The client is an event organization company. They organize event like paid dinners, charity lectures and shows where buyers get to meet and listen to prominent guests like political leaders, celebrities etc.
Client challenge was to have a low cost and easy to maintain attendance system to track people attending the events they have organized- especially the free entry events – and analytics around demographics based on the clippings of the events.
This data is later used in getting insights on how successful the event was and the mood of attendees at the event. These insights are useful in measuring the overall response to the events. Client also wanted to recognize if any important/known members of society attended the event as guest.
We leveraged the Azure Cognitive services which is an AI/ML module provided by Azure. This contains various AI models from OCR to Face Detection and NLP.
Using a camera placed in the entrance to event we detect faces from the camera stream every frame using Azure face API.
These faces are sent to a gender detection model which is a model that is made on top of face API by training obtained face encodings with an SVM which can classify gender. This model also collects data about if there’s a stag entry or a group entry to the event. Then software compares the obtained faces with an existing face directory of local and national celebrities or banned list and if a match is found, sends an alert to security team/management.

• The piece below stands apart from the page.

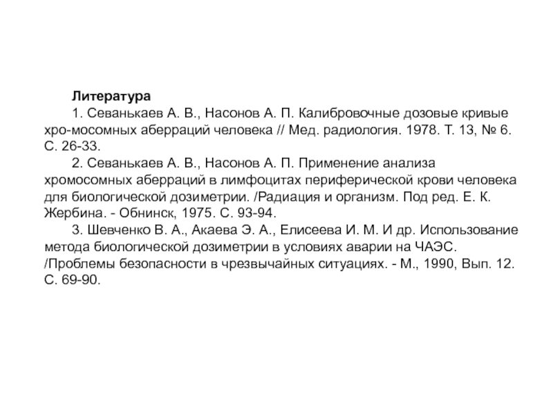 2. Севанькаев А. В., Насонов А. П. Применение анализа хромосомных аберраций в лимфоцитах периферической крови человека для биологической дозиметрии. /Радиация и организм. Под ред. Е. К. Жербина. - Обнинск, 1975. С. 93-94.
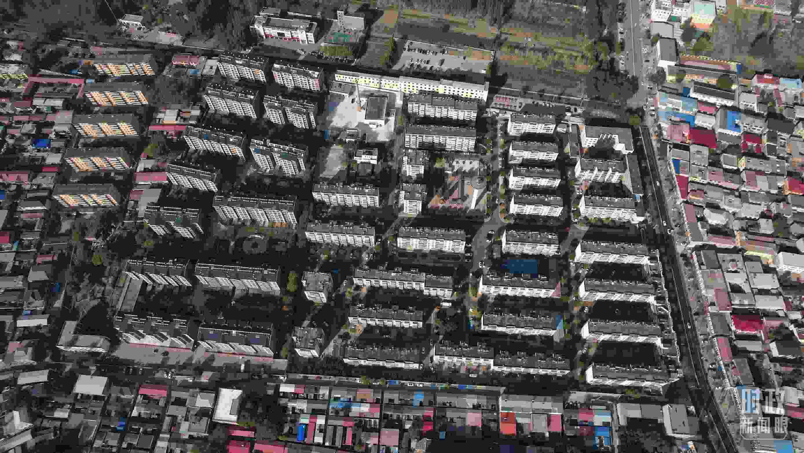 △ 河北省涿州市雙塔街道永濟秀園小區(qū)航拍。(總臺國廣記者李晉拍攝)

Feeds from other cameras capture faces at different times and pass to our pre-trained mood detector SVM to detect the persons mood at that current point of time. This helps collect metric around reaction/mood at the certain times of the event.
- Solution component is fully dynamic and efficient it requires no monitoring, and this gives a good data quality data for further analysis.
- Ability to captures up-to 100 faces and their demographics in one frame.
- Human efforts has been minimized as much as possible saving the overall cost of operation.
- Reduces human intervention and expensive biometric devices or face recognition devices.